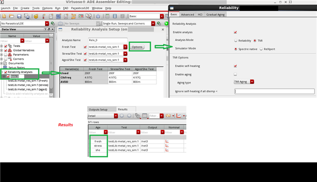 In Simulation > Reliability > Setup,  TMI analysis mode is enabled. Simulator mode: Spectre native, Enabled self-heating, Enable aging, Aging type: TMI Aging.
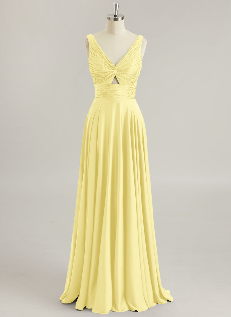 Sleeveless V-Neck Elegant Sweet & Flow Vintage Cut Out Simple Beautiful Back Pleated Silky Satin A-line Maxi Dress
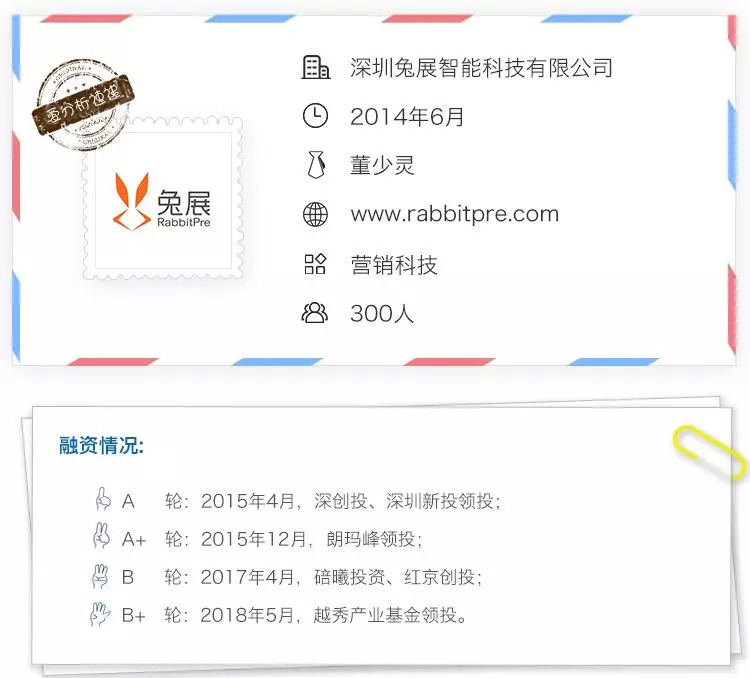 其中,兔展传播大数据于2015年上线,是传播数据分析平台。2016年,兔展智客上线,是企业营销内容以及全渠道营销管理平台,包含CMS、渠道管理、消费者数据平台CDP、SCRM等,这些产品都是以SaaS模式提供服务。
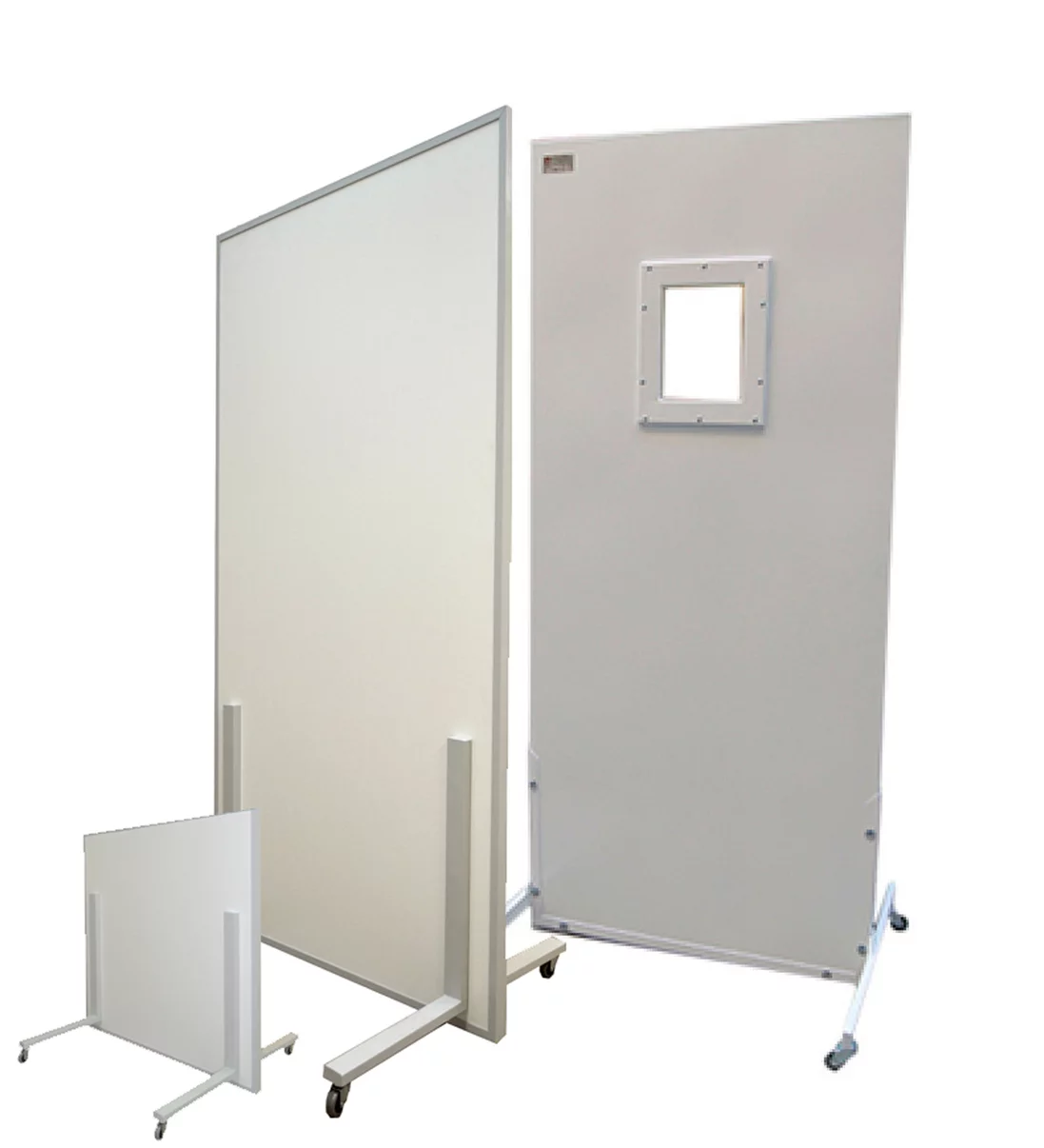 Большие мобильные рентгенозащитные ширмы применяются при оснащении рентген-кабинетов, КТ- и флюорографических отделений, процедурных с рентген-оборудованием, а также помещений промышленной дефектоскопии. Конструкция используется как дополнительный экран для защиты персонала и сопровождающих лиц от рассеянного и вторичного ионизирующего излучения при проведении исследований и работ с источниками рентгеновского излучения.

### [Task]
Give back exactly the lines from the opening of the listing through the line holding "Sleeveless V-Neck Elegant", both ends included, with every picture omitted.

### [Problem solution]
 In Simulation > Reliability > Setup,  TMI analysis mode is enabled. Simulator mode: Spectre native, Enabled self-heating, Enable aging, Aging type: TMI Aging.
 Sleeveless V-Neck Elegant Sweet & Flow Vintage Cut Out Simple Beautiful Back Pleated Silky Satin A-line Maxi Dress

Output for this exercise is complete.